Saturday, August 09, 2003

A Key Day in the City by the Bay

In any baseball season worth remembering, there are a few key milestones along the way, events whose immense significance you grasp only when the joyride is all over.

In 1993, the last year of any import in Philadelphia, at least when it comes to baseball, three such moments come to mind. The first is Mariano Duncan taking the most dominant closer of his time, the Cardinals' Lee Smith, over the left field wall at the Vet for a game-winning grand slam on Mother's Day. The second is platoon left fielder Milt Thompson robbing the Padres of a salami by snaring a drive over the wall in San Diego, preserving a victory there. And the third is the challenge by catcher and locker-room alpha male Darren Daulton (whose adaptation to non-baseball life has been troublesome) to his pitchers, following a disastrous series (in St. Louis, I think), to find their cojones, throw inside, and pitch like men. Which they proceeded to do for the rest of the year.

Earlier today, in San Francisco, the 2003 Phillies may have done something similar. Against the defending National League champs and one of baseball's elite teams, the Phils rallied from a late three-run deficit to win in 10 innings. Pat Burrell hit a game-tying dinger in the eighth, then went yard for a two-run blast in the 10th to secure the win. It must be noted that Pat the Bat's two-homer game comes on the heels of (a) having his hair dyed blond and (b) my cutting his ass from my fantasy team.

All jokes aside, this is the kind of win that teams often rally around. Vicente Padilla gave up four first-inning runs then pitched extremely well, and the bullpen, in this case season-long studs Terry Adams, Rheal Cormier, and Turk Wendell (four and a third innings pitched, one walk, one hit, one meaningless run), was brilliant for the remainder of the game. If, if, if, if -- if Burrell really is emerging from his year of shittiness, the Phillies' offense will be transformed, and they should be able to leave the Marlins (who are on their way to a win and, thus, keeping pace in the even-Steven wild card race) behind between now and the end of September.

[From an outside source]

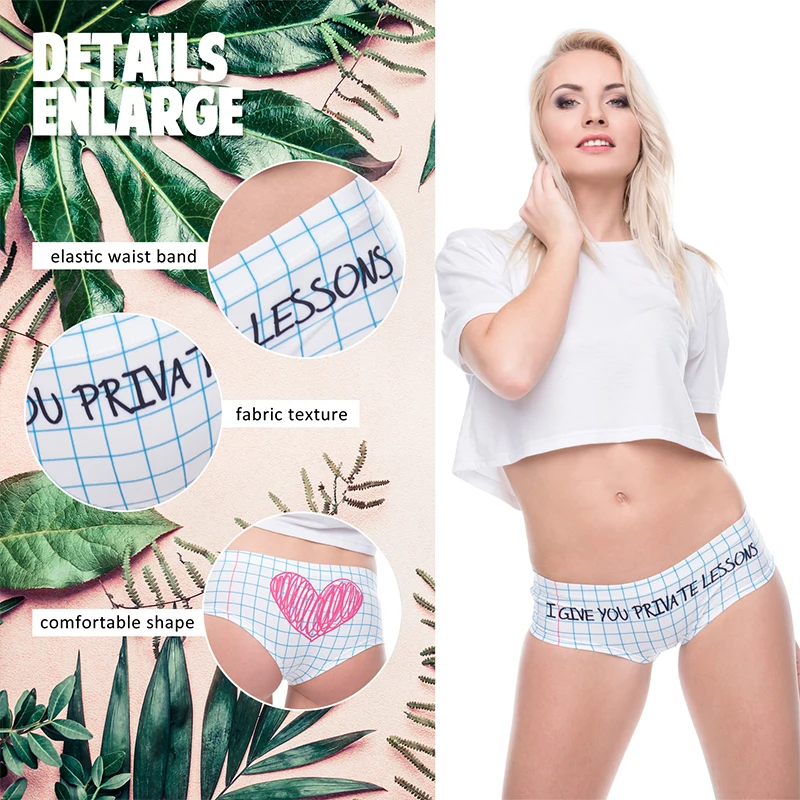 New Arrived Fashion 3D Private Lessons Pattern Print Cute Panties Briefs Lingerie Sexy Underwear

It's early August, yes, but the games feel more meaningful now. Each day's paper presents the wild card standings, and I'm checking on the Marlins (and the Diamondbacks, Dodgers, Cubs, Cardinals, and Expos) regularly. (Thank God the Mets still blow, as they should, year after year after year.) Football, basketball, and hockey are wonderful sports, but only baseball presents such daily drama as de rigueur. Even though the game's popularity has slipped, it remains the closest sporting approximation to everyday life -- where things happen over weeks and months, not hours and days, and one bad day doesn't doom your season to mediocrity.